Since the ATLAS 2 study was performed, two potent antiplatelet agents, prasugrel and ticagrelor, have been introduced for the management of ACS. Both agents have shown improved outcomes (including a reduction of CV mortality for patients receiving ticagrelor) compared with the current standard of clopidogrel.2,27 Yet, there is no safety data for the combined use of rivaroxaban with either prasugrel or ticagrelor. As both the new antiplatelet agents increased non-surgical bleeding, adding rivaroxaban to either agent cannot be recommended. Hence, there are now two new competing strategies to improve outcomes after ACS: (1) to use one of the new antiplatelet agents, ticagrelor or prasugrel, rather than clopidogrel or (2) to add rivaroxaban to clopidogrel. Comparisons of the clinical trials for the antiplatelet agents with the ATLAS ACS 2-TIMI 51 study are of very limited value, given the different patient populations and the duration and onset of treatment. For example, in the PLATO and TRITON studies, ticagrelor or prasugrel was administered within 24–72 hours of symptom onset, more effectively reducing early recurrent ischemic events. In contrast, in the ATLAS ACS 2-TIMI 51 trial, rivaroxaban was initiated at a median 7 days after the ACS event.

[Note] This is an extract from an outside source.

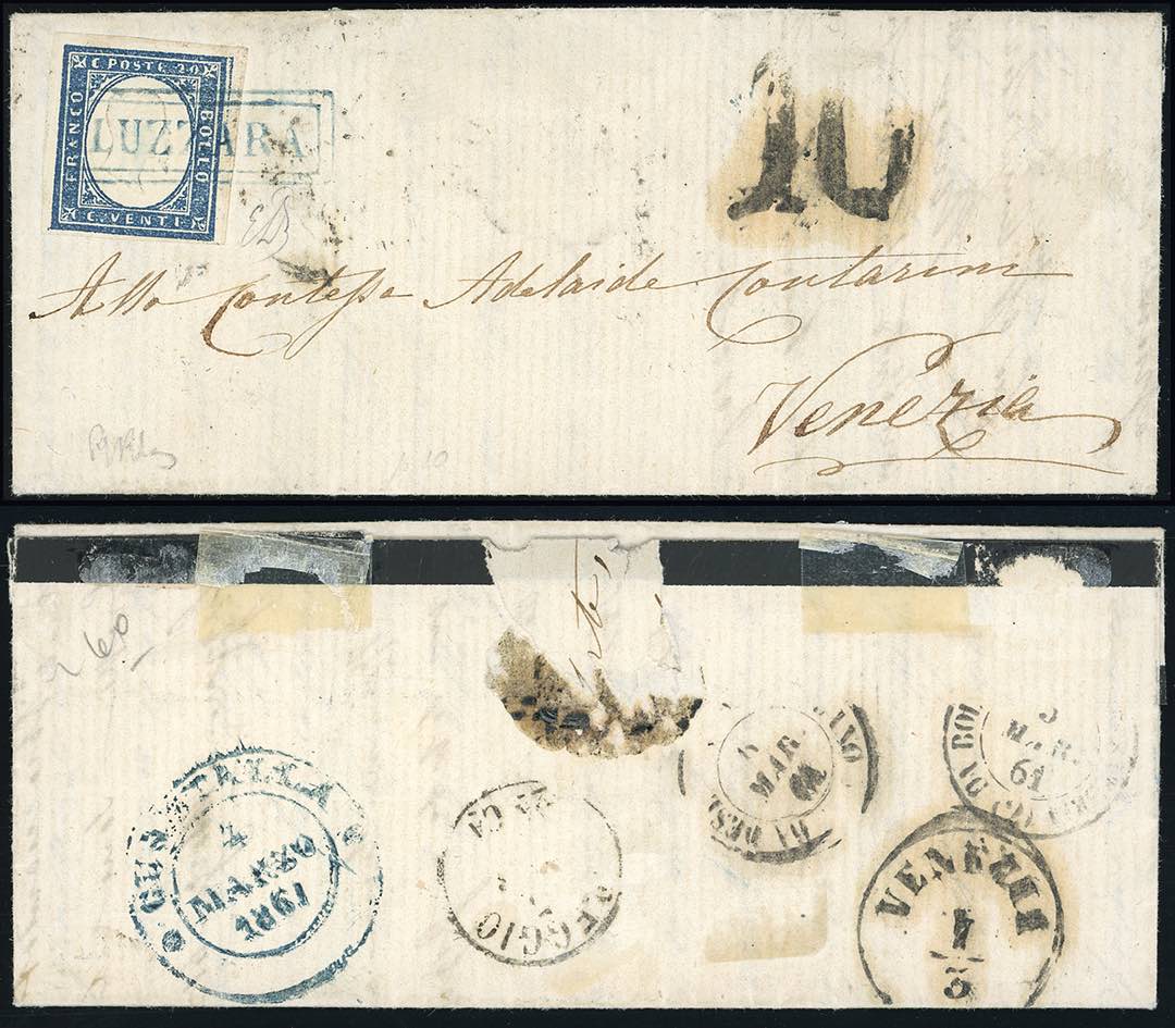 LUZZARA, cartella punti R1 - 20 cent. (15Ca), perfetto, su lettera del 4/3/1861 per Venezia, bollo di tassa 10 soldi. Molto rara! Emilio Diena.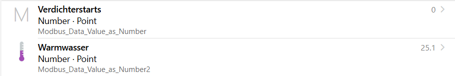 2019-11-11 12:06:02.682 [DEBUG] [ernal.handler.ModbusDataThingHandler] - Thing modbus:data:holzheizung:holding:holding210 channels updated: {modbus:data:holzheizung:holding:holding210:string=0, modbus:data:holzheizung:holding:holding210:number=0}. readValueType=int16, readIndex=Optional[210], readSubIndex(or 0)=0, extractIndex=0 -> numeric value 0 and boolValue=false. Registers RegisterArrayWrappingInputRegister(00 00 01 e3) for request ModbusPollerThingHandlerImpl.ModbusPollerReadRequest@7c4da78f[slaveId=0,functionCode=READ_MULTIPLE_REGISTERS,start=210,length=2,maxTries=3]

As rivaroxaban reduces mortality, it is likely that the increased bleeding risk will be an acceptable hazard in some patients at high risk of recurrent ischemic events (eg, those with diabetes or medically managed patients with multivessel coronary disease, and those with atherosclerotic vascular disease in multiple territories) but with a low bleeding risk. It will be especially important to avoid the use of rivaroxaban in patients at a high bleeding risk. These would include elderly patients and those with a history of recent gastrointestinal bleeding and/or a history of stroke, transient ischemic attack, and, especially, ICH. Rivaroxaban is likely to be used in younger patients with no history of stroke/transient ischemic attack who are at high risk for recurrent events.
As more potent antithrombotic therapies are being used, it is becoming increasingly important to optimize the benefit/risk of treatment by assessing both the risk of recurrent ischemic events as well as the risk of major bleeding. Rivaroxaban provides a new strategy to potentially reduce residual ischemic risk after ACS, which will likely play an important role in personalized secondary prevention. However, prior to widely endorsing this new strategy, it will be important to await the ATLAS ACS 2-TIMI 51 investigators’ response and updated analysis following the FDA review.
The author declares no conflicts of interest in this work.